Can you be liable if someone injures themselves whilst swimming in your pool - Do you owe a duty of care to yourself?

You need to appreciate that as an adult you have a duty of care to yourself and if you do not act in a careful manner you may have no claim should you be injured due to acting in a manner in which there is a forseeable risk of injury


Okay the sun is out it is a glorious day and everyone has been invited round to your pool party.   What could go wrong, well sadly quite a lot as can be seem from the recent case of Grimes v Hawkins [2011] EWHC 2004 (QB) where the
Defendant owned a house with an indoor swimming pool. On 04.08.06, he went away for the night, leaving his 18-year-old daughter Kylie at home having agreed that  two friends could stay with her that night . In fact, after an evening in a nearby pub, some 20 young people including the Claimant arrived around midnight, having (as the Judge found) been expressly or impliedly invited by Kylie. Kylie gave the Claimant a swimming costumes to the Claimant and some other visitors.

The pool measured some 30 x 15 feet with a minimum depth of 34.6 in and maximum depth of 67.7 in. There were no  warning signs or depth markers and several people jumped into the pool and began, "bombing" others.  The Claimant jumped in and spent around 30 minutes in the pool, swimming around and chatting while standing in the shallow end. She then dived into the centre of the pool, hit the floor and sustained serious injuries and was eventually diagosed as  tetraplegic.

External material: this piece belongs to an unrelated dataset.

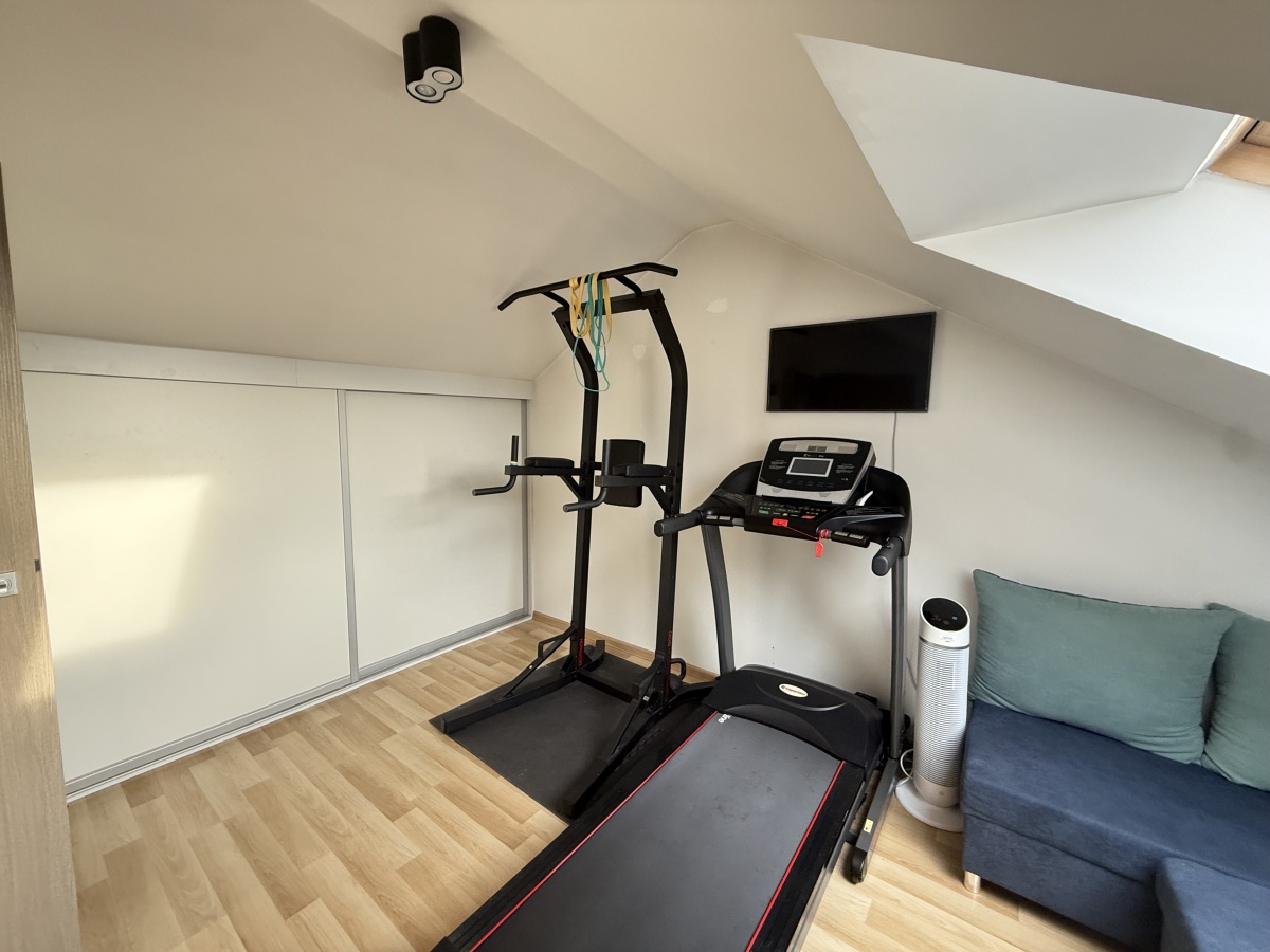 Poddasze (26,73 m²): klimatyzowany gabinet , pralnia oraz dodatkowy pokój (obecnie siłownia) wraz z zabudowaną szafą - idealna do przechowywania artykułów sezonowych.

The Claimant claimed that the Defendant was negligent and in breach of his duty under the Occupiers’ Liability Act because the pool was unsafe for diving so should have been locked to prevent access or alternatively, the Defendant, through his daughter K, ought to have issued an appropriate warning or forbidden diving.

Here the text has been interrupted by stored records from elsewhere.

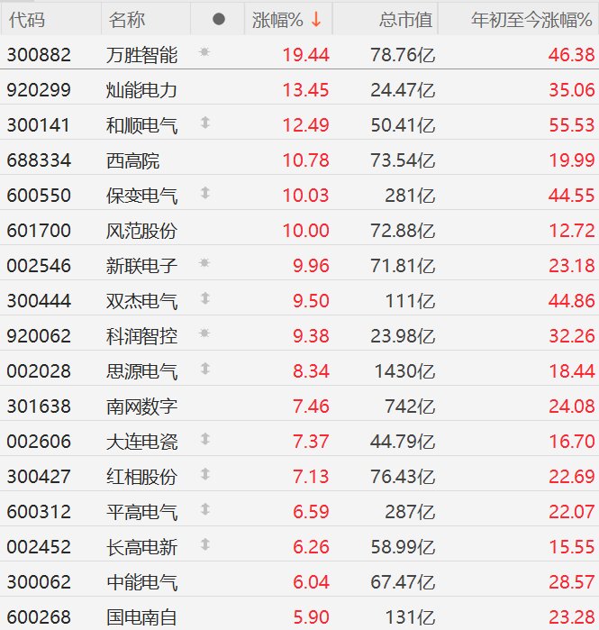 电网设备板块开盘领涨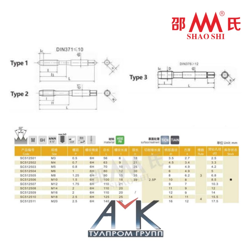Машинный метчик M4 со спиральной канавкой R15° арт. SC512502 от производителя SHAO SHI.
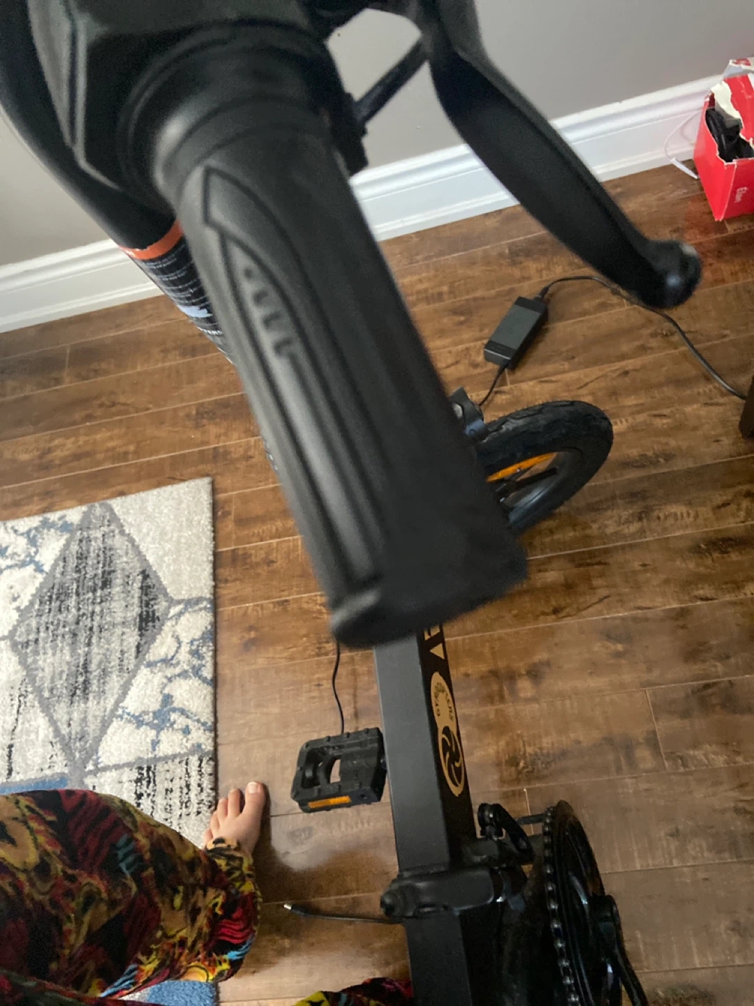 This is a RIZZ brand electric folding bike. It comes with its charger. It's great for getting around town!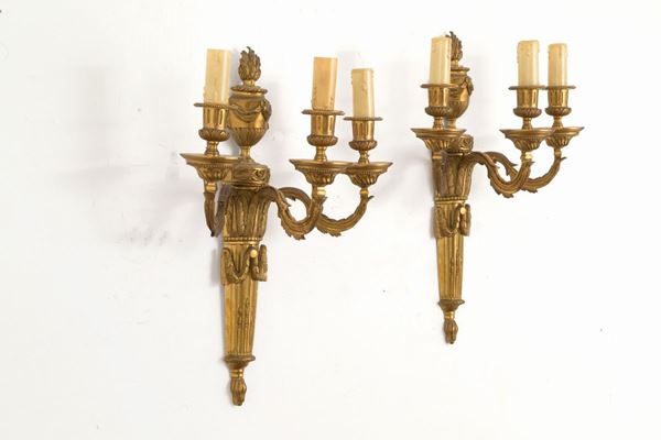 Coppia di applique tre bracci in bronzo cesellato e dorato. XIX secolo.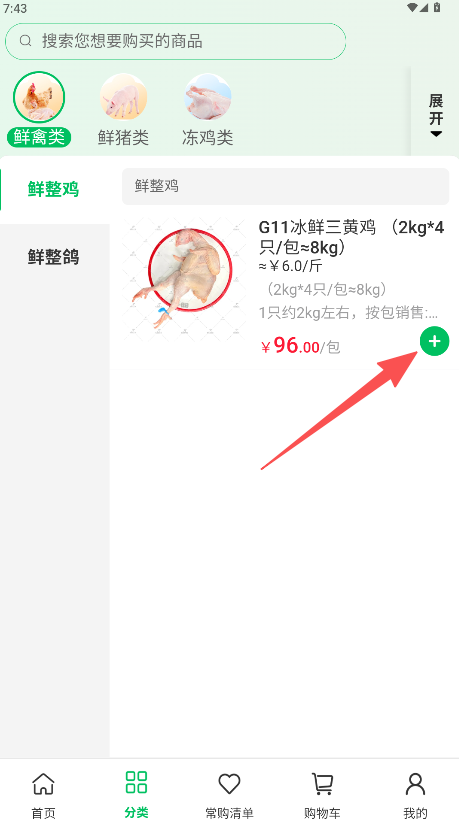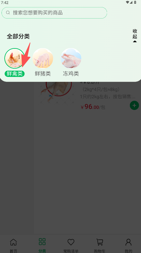 2、點擊可瀏覽該分類商品“鮮禽類”圖標。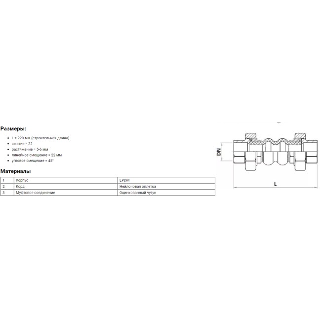 | Материал компенсатоора | EPDM |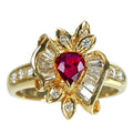 ペアーシェイプミックスカット0.58ctのルビーは、濃く鮮やかなレッドカラーで肉眼ではインクルージョンがあまり気にならない、テリのある上質な石です。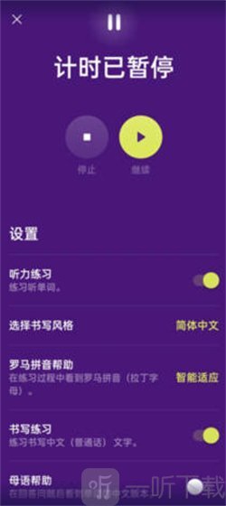 6、点击暂停,我们还可以设置听力练习、书写练习等功能。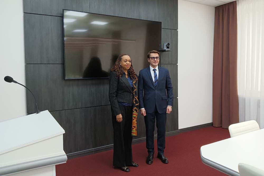 Проректор по международному сотрудничеству Владислав Кучмистый и представители департамента международного сотрудничества НИУ «БелГУ» встретились с Чрезвычайным и Полномочным Послом Республики Гана в Российской Федерации госпожой Лесли Акуа Акяа Опоку-Варе, заместителем Посла Республики Гана в Российской Федерации Гербертом Эдди-Нетти, главой Канцелярии Абиэль Ашитей Арма, первым секретарём, главой консульского отдела и отдела образования Леонардом Амартей Телфер, первым секретарём (протокол) Джейкоб Квао Архин.

The Judge held that the Claimant had been allowed to use the pool so, as a lawful visitor, and the Judge agreed that indeed the Defendant had owed her a common law duty of care while she was using the pool however he found that the pool was not unsafe for diving. Though, some people may have   refused permission for the swimming pool to be used, this did not mean that a duty under the Occupiers Liability Act 1957 was owed to the Claimant and that Defendant should have made the  pool inaccessible.

The Judge said that  adults  made a choice about their behaviour and exercised that choice.    A householder with a private swimming pool should not have to prohibit adults from diving into an ordinary pool whose dimensions and contours could  clearly be seen.    The Judge qualified this statement by saying that it might be a different case where there was some hidden or unexpected hazard but in this instance there was none.

The Claimant was an adult and had done something that carried an obvious risk. She had chosen to dive when, where and how she did, knowing the risks involved. It would not have been fair, just or reasonable to have imposed a duty of care which required the Defendant to put the pool out of bounds or to have prohibited adults from diving into the pool.